力量悬殊尚在其次,心里负担跟精神压力更大。
她冷笑一声,他是对的:做人的道德感不能太高。
次日醒来,已经是早上八点。
商临序换好了衣服,在客厅处理文件,见她出来,合上了电脑,似乎专程在等她,表情带几分玩味。
迟满面容平静:“第一件事算完成了吧?”
“算是。”
他扔过来件深灰色卫衣和一条羊毛短裤,“我这没女装,凑合穿。”
迟满看也没看:“我衣服呢?”
他很好心地往阳台一指:“那件?”
落地窗旁,三层猫树下,挂着一根飘荡着白色碎布的逗猫棒。还有片布料拴在见剑麻柱上,供Cub随时挠爪子。
她眼前一黑,“几年没见,您居然会手工活了呢。”
商临序微笑不变,“养崽子,应该的。”
迟满气吐了血,准备在账单上给他记了一笔大的,商临序像猜出她心思似的,好心送来手机,“账随便记,还有,我送出去的东西没收回来的道理,不想要就自己拿去楼下扔了。”

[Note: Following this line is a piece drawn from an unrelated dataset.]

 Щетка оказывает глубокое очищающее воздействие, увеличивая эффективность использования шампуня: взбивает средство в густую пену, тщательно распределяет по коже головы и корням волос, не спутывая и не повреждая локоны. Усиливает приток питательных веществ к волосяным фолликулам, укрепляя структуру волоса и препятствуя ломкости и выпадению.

说着他将装手链的首饰盒塞进她背包,走到门口,又想起什么似的回过头:“哦对,何煜会来接你,餐厅那边有早餐。”
关门,离去。
迟满石化三秒,完全忘了手链的事,赶紧看了眼手机,列表十几通何煜的未接电话。
最后一次是今天早上七点三十八,通话时长15秒。
“王!八!蛋!!!”
/
从前遇到不想面对的事,迟满向来勇当缩头乌龟。
但近年体会到逃避无用。她冷静换衣下楼,坦坦荡荡,做好了迎接何煜发难的准备。
何煜就已经等在楼下,“满满,你还好——”话问一半,止住了。
男士卫衣领口很大,能看到脖子和锁骨处的某些痕迹。他面色微沉,嘴唇紧抿。
她掩住领口,“昨晚,”
想说什么也没发生,显然不是。即便真没发生,对方也不一定会信。于是吐出两个字后,皱着眉顿住了。

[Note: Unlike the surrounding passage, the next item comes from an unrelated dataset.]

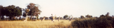 An einem schönen Tag war uns das Glück endlich hold: Eine große Herde Giraffen trabte rechts neben uns her und fing an zu galoppieren, als wir uns ihr näherten. Da sie keine Angst hatten, hielten sie einen geringen Abstand. Es wurde ein Ritt, wie er berauschender hätte nie sein können. Zum Glück war die Sonne hinter uns, so dass jeder Reiter einen eigenen Regenbogen entwickelte. Acht Reiter im gestreckten Galopp, dazu zwei Dutzend Giraffen im gemächlichen. Die Pferde schoben eine richtige Bugwelle vor sich her, in der das Licht der Sonne eben den besagten Regenbogen zauberte. Ein Regenbogen da, wo es alle sieben Jahre regnet!

“昨晚是我不好,”他马上接话,“不该让你自己回去。”
迟满摇了摇头。
昨夜她心情不好,拒绝了何煜的相送,坚持提前离开。没想到会遇到商临序。她正预备解释,却见何煜朝她伸出手来。
她迟疑了下,没将手搭上去。
“你没事吧?”他直接牵起她,目光在她手腕勒痕停留片刻,很快挪开,“吃饭了吗?还要回苏姗山那儿?”
他引着她上了车。
车内很安静,没放电台,也没人说话。
迟满脑子里过数种话:
说「什么也没发生?」显然不是。说「没到最后一步?」,更加恶劣。
那说「自己是被迫的?」可事实摆在这里。
那就说「他是故意离间他们关系的吧」,又有什么用?
真是憋屈。
何煜似乎看出她几次欲言又止,望着她说:“我相信你。”但不相信他。
迟满紧蹙眉头。
何煜腾出一只手拍了拍她的手,“别气。”
迟满沉默片刻,郑重地说,“何煜,我们算了吧。”
何煜似乎早料到她会这样说,神情未改,“你要做逃兵?”
她疑惑。
“我们分开,不就让他如愿了吗。”他平静道,“我喜欢你,我的目的是和你在一起,所以无论他做什么,都不会撼动我的决心。”
他转过头,眉头微挑:“但现在分手,不就是给了他公平竞争的机会吗?满满,难道你也喜欢他,要在我和他之间纠结?”
迟满睁大了眼,“当然不……”
“如果是这样,我不介意。”他轻轻打断她,“但如果因为他的骚扰让你对这段感情有所疑虑,我不同意。”
“不是这样的……”
何煜微微一笑:“我知道你有顾虑,没关系,我有耐心。在你彻底下定决心前,我可以先答应你,隐瞒恋情。”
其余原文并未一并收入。